Starting a business and becoming an entrepreneur can sometimes seem like a bit of a lottery. Will you get the key deal you need? Will you be able to hang on through years one, two, three and five? There are many things you can do to mitigate any problems and to do your best to ensure success and perhaps the key is to be aware of the classic mistakes that almost all entrepreneurs make when they first start out.
1. Ignore Your Detractors
We all have nay-sayers amongst us, those that say ‘you should do this not that’ or ‘you should do that not this’ – the classic line being ‘if you wanted to get to there I wouldn’t have started from here’. Having the courage of your convictions as well as confidence in your abilities and skills is important because if you don’t believe in YOU, who else will. You have no track record to demonstrate your integrity or your delivery.
Of course, you don’t want (or need) to be arrogant and stubborn, there is a lot of useful stuff out there too and sometimes a little well-timed advice can have a huge impact; which is where the power of mentoring can really come into its own.
2. Check the world wants your offering
There are so many things sitting on stockroom shelves that have never sold. They’ve not sold for one of two reasons. The first is that there wasn’t enough marketing done to let a waiting world know that they were available; the second is that the world never wanted it in the first place. Yes, it’s your idea and yes, almost certainly there will be a number of people who have the same needs you did or else you wouldn’t have created it; but don’t assume that it’s going to make a million.
Do your homework first with clear market research and test out the competition, it’s there for a reason and there could be a very good reason why that product or service sells well.
3. Don’t do it all yourself – delegate
It’s easy to assume that we are the only people in the world that can make this idea work because it’s our ‘baby’. However, that is surely the fastest way to burn out and develop stress. Know what you are good at and where you could do with help then delegate those tasks that don’t need your input. For instance, a bookkeeper could be a great investment and would work alongside your accountant; a PA can handle many of the diary setting activities and organise tickets and travel. Playing to your strengths is often undervalued.
Personally, I’m not the world’s best salesperson so it suits me to have a company that can do the work on my behalf. Working together to determine the strategy we are setting ensures it works well and with the minimum amount of disruption.
4. Set BIG goals that are still achievable
It’s a sad fact that too few of us set ourselves goals that are actually achievable. It would be great if we could all expect to turn over a million in the first six months, but without an enormous amount of investment behind us at the outset, that’s unlikely to happen. Having said that, without a large goal to aim for, we won’t strive hard enough to achieve our full potential. Being realistic doesn’t mean we have to accept second best, it’s simply a recognition of what the resources we have to hand can deliver for us.
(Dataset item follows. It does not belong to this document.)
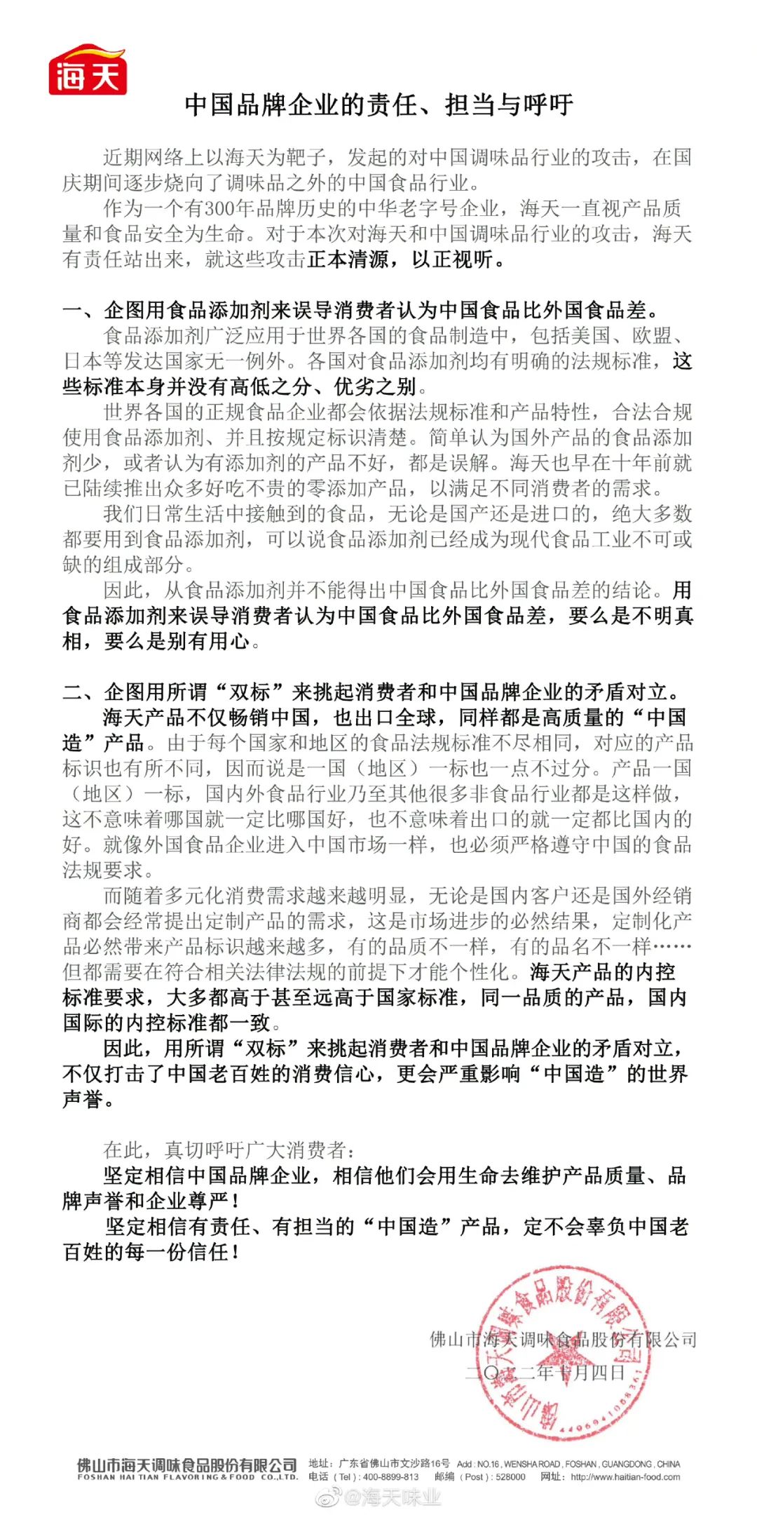 海天味业第二次声明
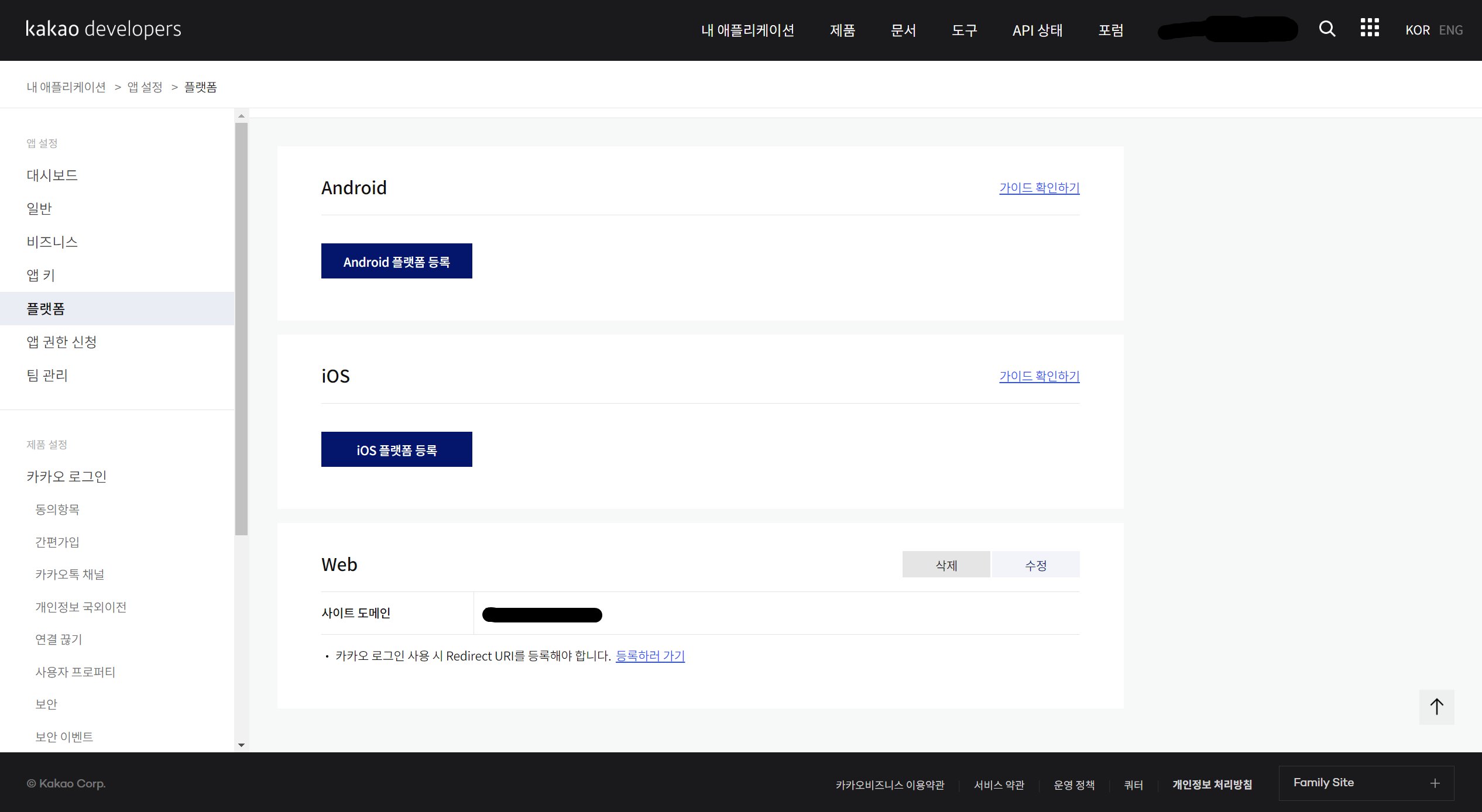 Web 사이트 도메인 추가하고 카카오 로그인에 Redirect URI도 설정.

5. Celebrate your successes regularly
Success as an entrepreneur is often hard-won, but someone who has an entrepreneurial nature is often never satisfied with what is achieved. If we ignore the things that happen and the successes we create then we miss the point of being an entrepreneur to some extent. Celebrating success helps to embed the milestones as they occur so that we can look back in the future and say ‘I did that’ with a great deal of satisfaction.